Inflation Came in Faster Than Expected in August Even as Gas Prices Fell

Prices climbed 0.1 percent from July as rapid increases hit a variety of products and services, including food away from home, new cars, dental care and vehicle repair. Given how much gas prices fell in August, the price index had been forecast to decline on a monthly basis.

The upshot is that inflation retains a surprising amount of underlying momentum, which is bad news for Fed officials. Central bankers have been looking for a sustained slowdown in price increases as evidence that their policies are working to cool demand and nudge the economy back toward a healthy environment in which inflation is slow, steady and barely noticeable.

Until that happens, officials have pledged to continue raising interest rates quickly, which can slow borrowing, constrain consumer demand and tamp down hiring and wage growth.

“Inflation is far too high, and it is too soon to say whether inflation is moving meaningfully and persistently downward,” Christopher Waller, a Fed governor, said in a speech last week. “This is a fight we cannot, and will not, walk away from.”

So far, there is little sign that the Fed’s efforts are tanking consumer and business demand. Growth has slowed, but it has not plummeted, and both hiring and wage gains remain rapid.
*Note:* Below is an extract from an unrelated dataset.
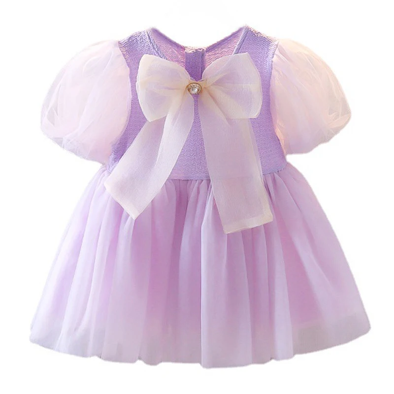 Comprar Ropa de verano para niñas recién nacidas, moda coreana, malla con lazo grande, vestido de princesa de manga corta, vestidos de cumpleaños de lujo, ropa de bebé BC640
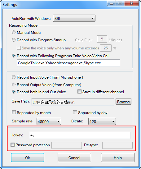 3、支持自动记录任务触发器选项。你可以选择任何VoIP软件自动记录到的时候是以语音对话。

Employers added 315,000 jobs last month, job openings remain high and consumer spending has continued to eke out gains, albeit decelerating ones, this summer.

“Inflation remains hot, financial conditions have seen some improvement and the labor markets are humming along,” Neil Dutta, head of U.S. economics at Renaissance Macro, wrote in a research note after the release. “If the goal is to slow things down and create some pain, the Fed is failing by its own standard.”